** Exercise brief **
Starting at the line containing "课程论文电子版请以学院为单位" and ending at the line containing "アンティークの着物と紫陽花の青いせかいに、うっとり。", transcribe the listing below exactly. Keep both end lines, skip the pictures, and copy nothing else.

** Data section **
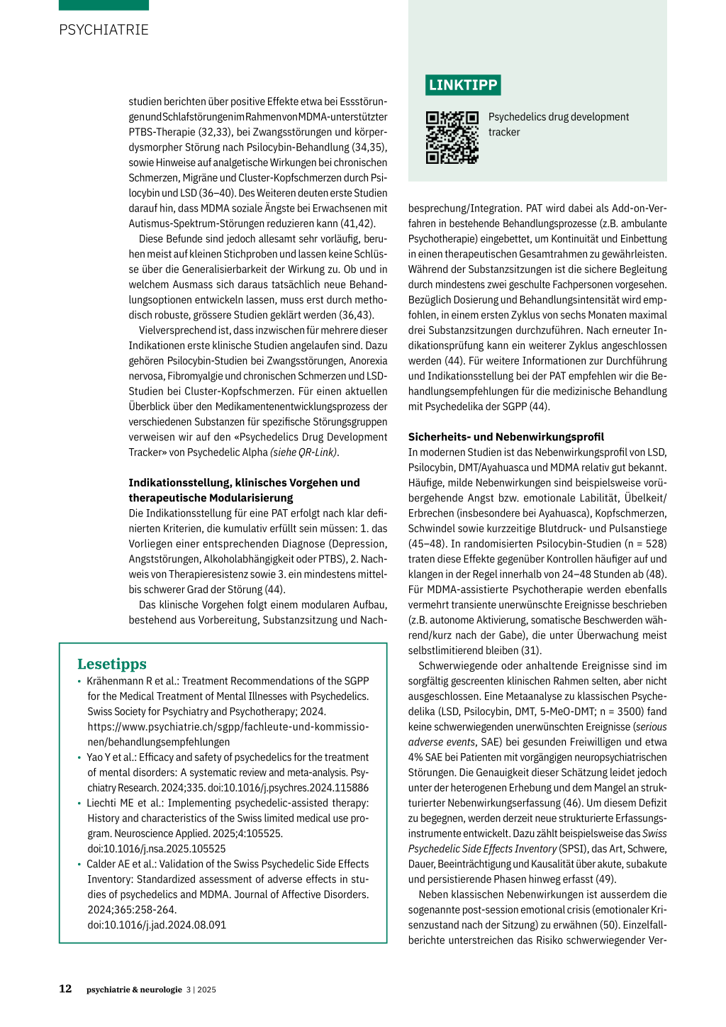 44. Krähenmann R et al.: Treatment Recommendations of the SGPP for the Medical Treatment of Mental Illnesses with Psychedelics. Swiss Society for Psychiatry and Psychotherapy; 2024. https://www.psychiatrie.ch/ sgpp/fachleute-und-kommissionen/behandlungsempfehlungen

---

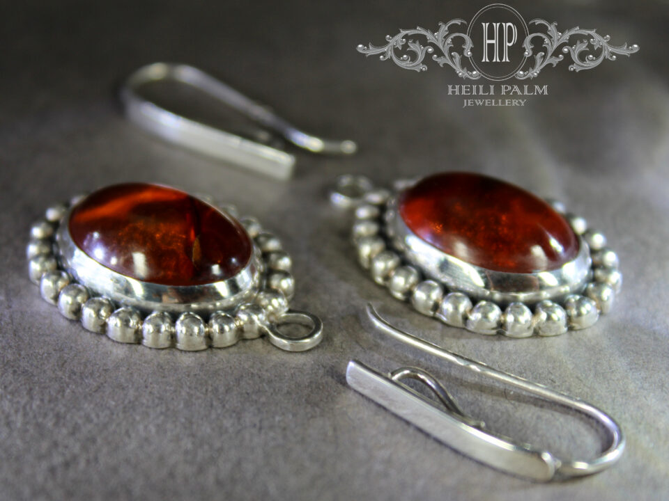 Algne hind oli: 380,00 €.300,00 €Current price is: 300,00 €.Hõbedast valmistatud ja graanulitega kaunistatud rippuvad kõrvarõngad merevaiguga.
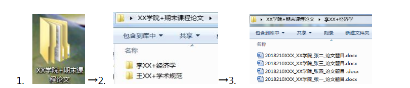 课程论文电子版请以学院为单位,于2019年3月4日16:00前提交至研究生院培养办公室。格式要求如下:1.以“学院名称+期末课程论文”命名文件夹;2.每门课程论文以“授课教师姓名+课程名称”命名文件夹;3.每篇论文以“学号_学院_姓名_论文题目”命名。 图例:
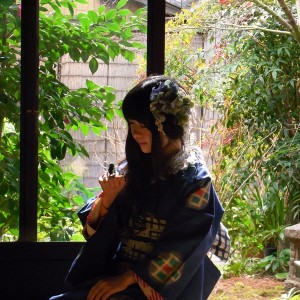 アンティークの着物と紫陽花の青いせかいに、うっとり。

** Reply to the exercise **
 课程论文电子版请以学院为单位,于2019年3月4日16:00前提交至研究生院培养办公室。格式要求如下:1.以“学院名称+期末课程论文”命名文件夹;2.每门课程论文以“授课教师姓名+课程名称”命名文件夹;3.每篇论文以“学号_学院_姓名_论文题目”命名。 图例:
 アンティークの着物と紫陽花の青いせかいに、うっとり。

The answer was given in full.